Optimizing Memory Architecture

Memory architecture is a key aspect of implementation. Due to the limited access bandwidth, it can heavily impact the overall performance. Look at the following example:

void run (ap_uint<16> in[256][4],
          ap_uint<16> out[256]
         ) {
  ...
  ap_uint<16> inMem[256][4];
  ap_uint<16> outMem[256];

  ... Preprocess input to local memory
  
  for( int j=0; j<256; j++) {
    #pragma HLS PIPELINE OFF
    ap_uint<16> sum = 0;
    for( int i = 0; i<4; i++) {

      sum += inMem[j][i];
    }
    outMem[j] = sum;
  } 

  ... Postprocess write local memory to output
}
This code adds the four values associated with the inner dimension of the two dimensional input array. If implemented without any additional modifications, it results in the following estimates:

The overall latency of 4608 (Loop 2) is due to 256 iterations of 18 cycles (16 cycles spent in the inner loop, plus the reset of sum, plus the output being written). This is can be observed in the Scheduler View in the HLS Project. The estimates become considerably better when unrolling the inner loop.
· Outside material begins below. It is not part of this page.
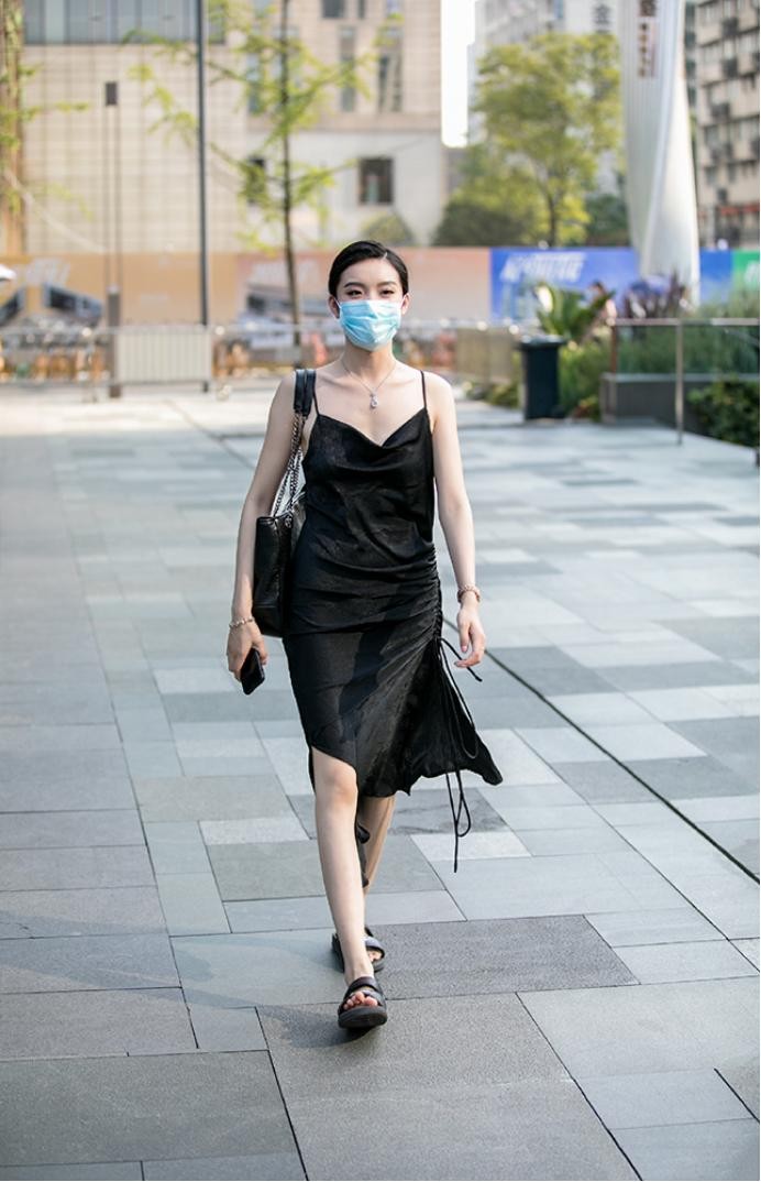 再来看看这位迎面走来的小姐姐,气场不是一般的足,这小细腰大长腿,身材真是太好了,还穿了一件黑色的小吊带。将精致的锁骨和纤细的瘦腰展现得一览无余,而且靓丽的外表看起来非常的有攻击性。看看旁边的大哥都走不动啦,足以可见小吊带的魅力有多大。

However, this improvement is largely due to the fact that this process uses both ports of a dual port memory. This can be seen from the Schedule Viewer in the HLS Project:

As you can see, two read operations are performed per cycle to access all the values from the memory to calculate the sum. This is often an undesired result as this completely blocks the access to the memory. To further improve the results, the memory can be split into four smaller memories along the second dimension:
#pragma HLS ARRAY_PARTITION variable=inMem complete dim=2 

This results in four array reads, all executed on different memories using a single port:

Using a total of 256 * 4 cycles = 1024 cycles for loop 2.

Alternatively, the memory can be reshaped into to a single memory with four words in parallel. This is performed through the pragma:
#pragma HLS array_reshape variable=inMem complete dim=2
This results in the same latency as when the array partitioning, but with a single memory using a single port:
Although, either solution creates comparable results with respect to overall latency and utilization, reshaping the array results in cleaner interfaces and less routing congestion making this the preferred solution. Note that this completes array optimization, in a real design the latency could further improved by exploiting loop parallelism (see the Loop Parallelism section).
void run (ap_uint<16> in[256][4],
	  ap_uint<16> out[256]
	  ) {
  ...

  ap_uint<16> inMem[256][4];
  ap_uint<16> outMem[256];
  #pragma HLS array_reshape variable=inMem complete dim=2
  
  ... Preprocess input to local memory
  
  for( int j=0; j<256; j++) {
    #pragma HLS PIPELINE OFF
    ap_uint<16> sum = 0;
    for( int i = 0; i<4; i++) {
      #pragma HLS UNROLL
      sum += inMem[j][i];
    }
    outMem[j] = sum;
  } 

  ... Postprocess write local memory to output

}